# VIP 622 HD for 2nd TV



## travis321 (Apr 20, 2010)

This is my first post, so if you have already covered this and I didn't see it, I apologize now. Having said that, I recently purchased a second HD TV that I will be using on TV 2. I have always had an HD TV in place as TV 1 and have always had great HD picture quality. Now that the second one is in place, I feel like I am not getting a "true" HD picture on that TV. I currently have coaxial cable plugged in from the receiver to the second TV. Is that the best? Is there a setting or another type of cable that will help me achieve a better HD pic on TV 2?


----------



## lujan (Feb 10, 2004)

travis321 said:


> This is my first post, so if you have already covered this and I didn't see it, I apologize now. Having said that, I recently purchased a second HD TV that I will be using on TV 2. I have always had an HD TV in place as TV 1 and have always had great HD picture quality. Now that the second one is in place, I feel like I am not getting a "true" HD picture on that TV. I currently have coaxial cable plugged in from the receiver to the second TV. Is that the best? Is there a setting or another type of cable that will help me achieve a better HD pic on TV 2?


Assuming your first TV is connected via HDMI, you could do what I did. I connected the second TV via the component outputs (red, green, blue). The only thing is that both TV's have to watch the same programming. If you want independent programming on both TV's, then you are already connected correctly and have no HD on the second TV (not sure as I've always been in single mode).


----------



## BattleZone (Nov 13, 2007)

To put it more clearly, on a Duo HD receiver, only the TV1 outputs are HD-capable. The TV2 feed is SD-only, though it will down-convert the HD feeds so that you can watch the content on the HD-only channels.

If you want HD on your 2nd TV, you have 2 choices:

- Get a second HD receiver, or

- Connect the second TV to the unused TV1 outputs on the 622.

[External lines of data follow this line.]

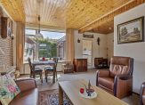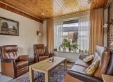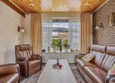 Doordat de keuken naar de aanbouw is verplaatst is de woonkamer een stuk groter worden. Grote ramen aan de voor- en achterzijde zorgen voor veel lichtinval en mooi uitzicht naar de tuin.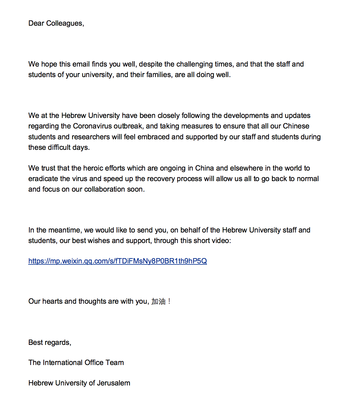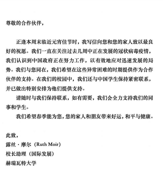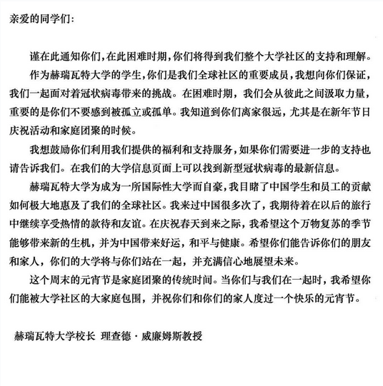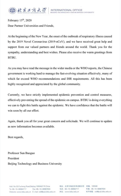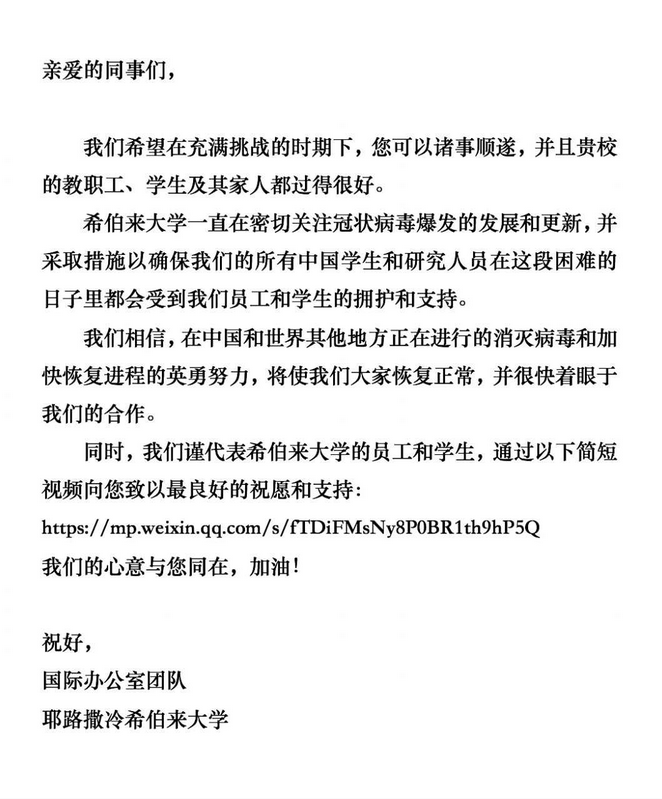 在中国抗击疫情这一困难时期,我以此信表达我校对贵校坚定不移的支持和关切。期待在不久的将来,两校共同前行,走向更美好的未来。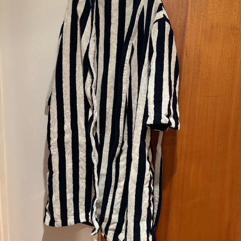 Myydään kuvan käyttämätön Marimekko Nimikko punavalkoraidallinen kylpytakki ja tossut. Kylpytakin koko m ja tossut 37-39. Kylpytakki on liian ison koon vuoksi jäänyt kokonaan käyttämättä, tossuja on käytetty. Tossut tulevat kaupanpäälle. Ovh. kylpytakki 149eur ja tossut 50eur. Hp. 79€ yhteensä. Ihanat kotiin, mökille ym. Kylpytakki sopii myös lahjaksi. Mieluiten nouto mutta voin tarvittaessa myös postittaa.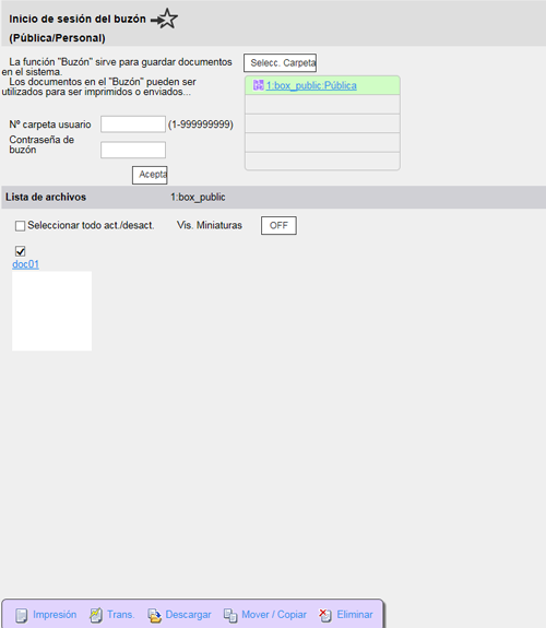Web Connection permite descargar en un ordenador archivos de la carpeta de usuario pública. Para obtener más información, consulte Aquí.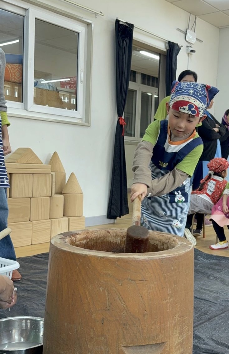 『もちつき体験』は、保護者ボランティアの皆様にお手伝いをしていただきました。おかげさまで、子どもたちも大変貴重な経験ができたと思います。 ありがとうございました!!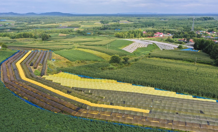 Aerial photo taken on Aug. 28, 2020 shows the ginseng greenhouses in Dafang Village in Wanliang Township of Fusong County, northeast China's Jilin Province. (Xinhua/Xu Chang)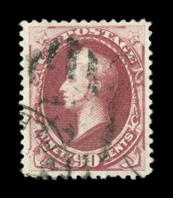 245 O 165 var. image#165 var., 30c Greenish black, a most impressive used example of this color variety, featuring extravagantly large margins all around and being remarkably well centered within them, sumptuously rich color and a well defined impression, fancy NYFM cancel and a small portion of a red transit postmark, extremely fine used gem; 2004 PF certificate. (Image) $130.00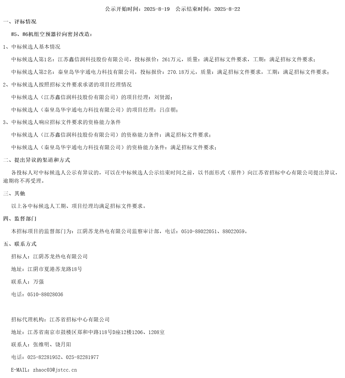江阴苏龙热电有限公司#5、#6机组空预器径向密封改造中标候选人公示(JSTCC2500314404)

With the first option, you'll have independent control of everything. With the second option, you're stuck watching the same thing on both TVs, but obviously there are no additional fees.

There's no practical way to send HD over coax (it would need to be encrypted due to contracts with the providers, and TV tuners don't support that), and it isn't practical to try to make HD connections to remote TV2s for many/most installs.

The only Dish receiver that will be able to output HD to the TV2 feed is the 922, and that will require the yet-to-be-released Multi-Room Extender (i.e., an HD version of the SlingCatcher) at the TV2, with a robust Ethernet connection between them.


----------



## travis321 (Apr 20, 2010)

Thanks, y'all for the help. I'm same as certain that there are receivers similar to mine on auction and for sale sites? If I were to purchase the second HD receiver is there a fee with Dish? Thanks again!


----------



## Stewart Vernon (Jan 7, 2005)

Regardless of whether you own or lease your 2nd receiver, you will have to call Dish and activate it for programming... and there will be an additional receiver fee.


----------



## BattleZone (Nov 13, 2007)

An additional HD-Duo-DVR will add $17/month to your bill.


----------



## mikeyjf (Dec 4, 2007)

You could do what I did, I split the hdmi output and ran a second hdmi cable into wall jacks from monoprice and then out the other side of the wall wo a seconf tv, worked like a charm!


----------